I must make a little gurgle of lust, because Michael turns and sees me standing there, staring at him in a hazy, hormone-fueled stupor.
“Oh,” he says, startled.
Oh, indeed. How much drool must be coating my chin?
Flustered, I stammer, “I . . . I’m sorry. I didn’t mean t-to disturb you. I just . . . just . . .”
My lips aren’t working right. My brain is refusing to coordinate with my tongue, which sits inside my mouth like roadkill, trampled to death and gathering flies.
“You’re working again today?”
The universe, taking pity on how utterly pathetic I am, finally allows me the power of speech. “Yes.”
Michael draws a breath, squares his shoulders, then smiles. It’s forced but gorgeous nonetheless. “We can’t be paying you enough for this kind of dedication.”
Take off all your clothes and I’ll consider us even.
I laugh. It sounds unhinged, like I’ve recently freebased cocaine.

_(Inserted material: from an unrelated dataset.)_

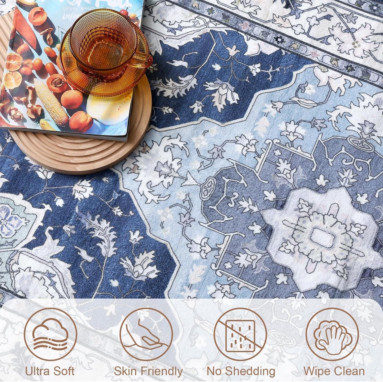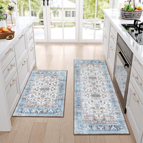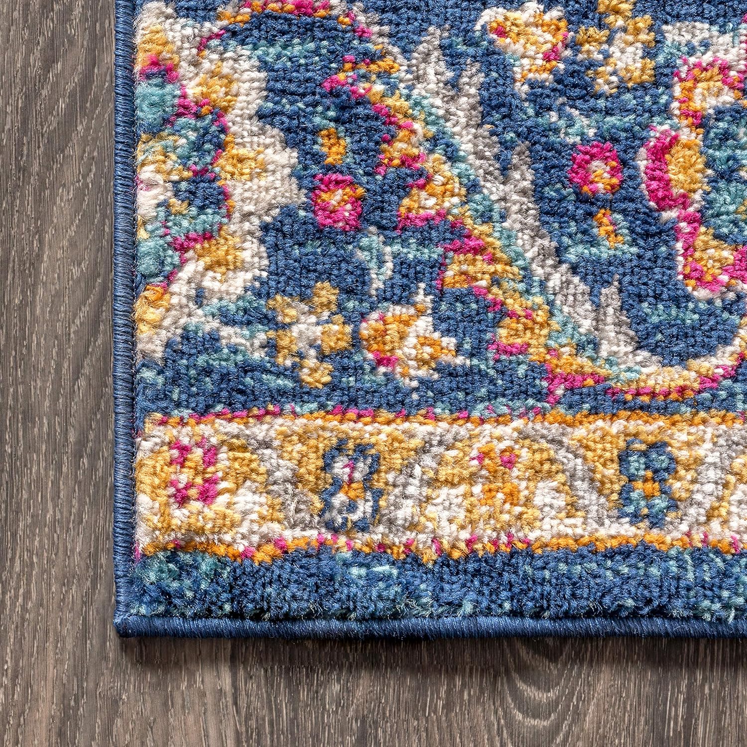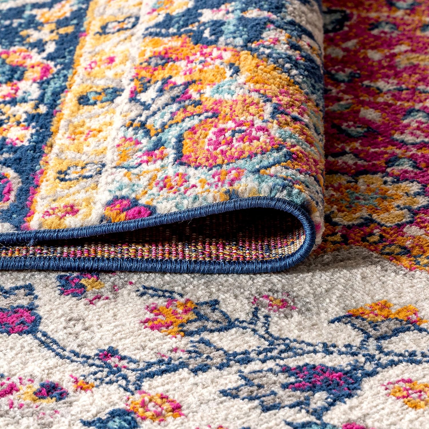 JONATHAN Y BMF106A-220 Bohemian FLAIR Boho Vintage Medallion Indoor Area-Rug, Traditional, Transitional Easy-Cleaning,Bedroom,Kitchen,Living Room,Non Shedding, Blue/Multi, 2 X 20

He blinks at me as a wave of heat rises from my neck to my hairline. I send him a pinched smile, wrench my gaze from his, and scurry over to my desk like some nocturnal rodent in search of food. I collapse into my chair. It wheezes in protest and deflates six inches on its pneumatic cylinder, leaving me boob-high to the desk with my bulky handbag shoved up under my chin.
Which is how Michael finds me.
“Oh dear. Are you all right?”
He peers down at me from his godlike height, genuinely concerned by the ridiculous predicament of the silly mortal girl in the puffy down jacket the color of rancid pea soup that her mother gave her when she moved to New York a lifetime ago and she was too cheap to replace.
Ah, hindsight. You are one giant, ruthless bitch.
“Fine,” I manage, cheeks blazing. With as much dignity as I can muster—which isn’t much—I push the chair back, stand, set my handbag on the desk, and readjust the chair, all the while acutely aware of Michael’s presence.
He must think I’m an absolute train wreck of a human being. He must think I’m a stuttering, clumsy fool who doesn’t have the coordination God gave a one-legged goat. He must think—
“I think we need to replace that chair.” He frowns at the object in question as if it has offended him by refusing to more stoically bear my weight.
I take that as evidence of his chivalry and nearly swoon. I catch myself before my knees give out and try to casually steady myself against the desk, but I’m too far away, so my casual lean turns into a highly awkward sideways stagger until my thigh collides with the edge of the desk with a thunk that topples the jar of pens next to the computer and sets the calendar of Grumpy Cat swinging from side to side.